The resentment building in Jack's chest slowly eased. Unlike Hanson, Teal'c seemed sincere. Just hearing someone else confirm that Jonas crossed a line took the edge off this aggression. Deflated, his shoulders sagged. Teal'c sensed the shift in his mood and the hand came back to his shoulder.
"You expected something different today?" Teal'c asked. "Choir of drift-compatible angels, maybe?"
Jack shrugged, wiping his face with the towel. "Not once I met Hanson, I didn't. I dunno, I guess… I wasn't expecting much, but I guess part of me still hoped I'd get something like the stories said."
"I'm sorry, man. It's tough." Teal'c said it as a man who knew from experience. How many pilots had he drifted with over the years?

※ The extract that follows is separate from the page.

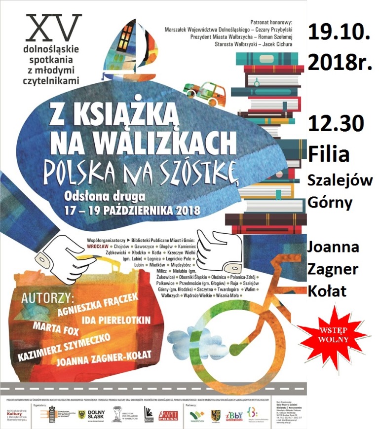 „Z książką na walizkach – Polska na szóstkę”- to Dolnośląskie Spotkania Pisarzy z Młodymi Czytelnikami, które już po raz piętnasty realizowała w naszym regionie Dolnośląska Biblioteka Publiczna we Wrocławiu. Projekt uzyskał dofinansowanie ze środków Ministra Kultury i Dziedzictwa Narodowego, pochodzących z Funduszu Promocji Kultury oraz samorządów województwa dolnośląskiego, powiatu wałbrzyskiego i miasta Wałbrzycha oraz dolnośląskich samorządowych instytucji kultury.
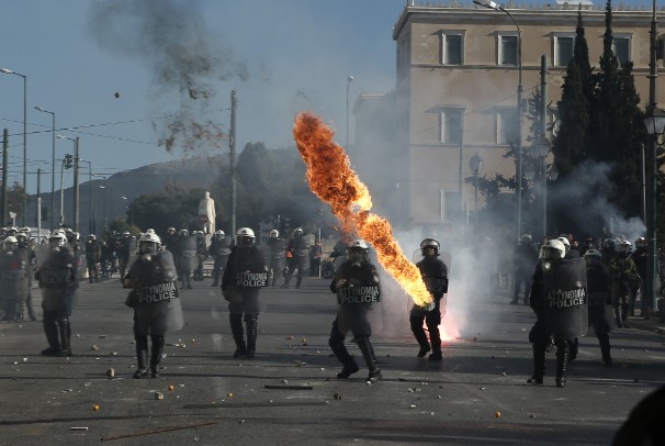 Μάλιστα, έξω από το ξενοδοχείο «Μεγάλη Βρεταννία» οι κουκουλοφόροι επιδόθηκαν σε πετροπόλεμο χωρίς να τους ενοχλήσει κανείς από την αστυνομία, καθώς δύο διμοιρίες των ΜΑΤ ήταν έξω από το Κοινοβούλιο και απλώς παρατηρούσαν την κατάσταση.

"What was it like for you?" Jack asked. He watched Teal'c's face carefully, looking for any sign he'd stepped out of bounds. "When you found your pilot, did you get that choir of angels? When did you know you were compatible?"
Teal'c didn't shut him down like Jack half-expected he would. His gaze grew heavy, but his smile remained, even if more nostalgic than before. "The minute I met her," he replied. "I was one of the lucky ones."
Then Teal'c clapped him on the arm and pointed him to the locker room. "You better get moving, man. You've got a lot of work ahead of you."